With the steady stream of outsiders coming into 草榴社区, demand and competition for land continued to increase. Miners could claim land under the 1884 District Act, non-Natives could claim a home site under the 1891 Townsite Act or a homestead under the 1898 Homestead Act. Churches sought land and acquired it through the Missions Act of 1900, which allowed a religious denomination to acquire up to one square mile of land in 草榴社区. Disputes over land, particularly between miners, resource developers, and 草榴社区 Native people arose. A string of court cases concerning 草榴社区 Native land rights began, and continued up to the settlement of the 草榴社区 Native Claims Act in 1971. There were contradictory decisions in these court cases, but two early cases in particular held that non-Natives could not acquire land from Indian people without the consent of the federal government. In other words, 草榴社区 Native people had an aboriginal claim to land that only the U.S. government could settle. The first such case, United States v. Berrigan (1905) was heard by Judge James Wickersham, and involved a dispute over land near Salcha. The second was United States v. Cadzow (1914), involving a dispute over ownership of a cabin in Fort Yukon.
In 1906, Congress adopted the first land grant to 草榴社区 Native people through 草榴社区 Native Allotment Act. The Act entitled 草榴社区 Natives to restricted land entitlements of up to 160 acres of unappropriated, non-mineral land. While only 80 Allotments were approved between 1906 and 1960, today there are some 13-15 thousand Native Allotments in 草榴社区. They are primarily located around the villages and in hunting and fishing use areas.

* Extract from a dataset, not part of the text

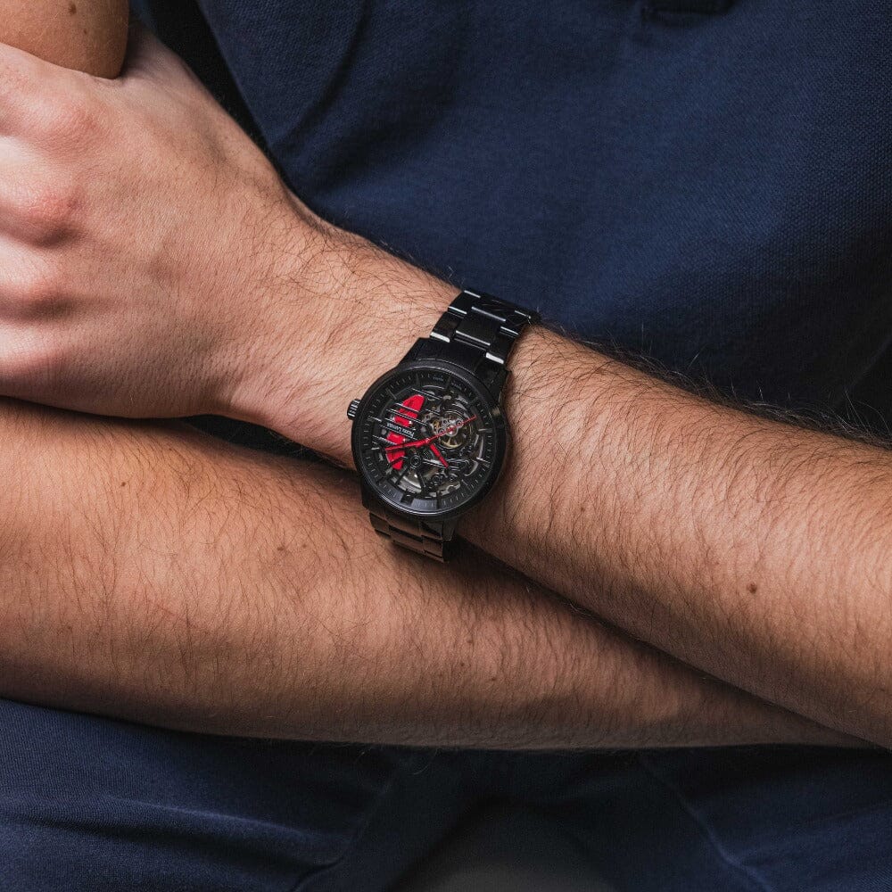 Son cadran squelette noir, accentué par un étrier de frein rouge et des aiguilles dynamiques, s’intègre dans un boîtier en acier noir et se prolonge par un bracelet bicolore mat et brillant.

Townsite Acts were the way the cities in 草榴社区 first got land from the federal government. Congress passed the second land grant to 草榴社区 Native people through the 1926 草榴社区 Native Townsite Act, which was a special type of Townsite designed to give 草榴社区 Natives small lots under their homes in villages in a restricted status. There was no payment for lots and they were to be nontaxable and inalienable, meaning they could not be taken away or sold without approval of the federal government. Some 106 草榴社区 Native Townsites were created. Some of the Native villages moved off of their townsites due to flooding and other issues, and most of the 229 federally recognized tribes in 草榴社区 are not located on 草榴社区 Native townsites.
Neither the 1906 草榴社区 Native Allotment Act, nor the 1926 草榴社区 Native Townsite Act, was a settlement of the much larger aboriginal claim to land in 草榴社区. Today, however, both Native allotments and restricted 草榴社区 Native Townsite lands are likely Indian country for the purpose of tribal jurisdiction because of their restricted status. Acquiring new Native allotments was terminated by the 草榴社区 Native Claims Settlement Act in 1971, without a specific exception by Congress. The 草榴社区 Native Townsite Act was terminated in 1976 by the Federal Land Policy and Management Act (FLPMA), stopping the creation of new 草榴社区 Native Townsites.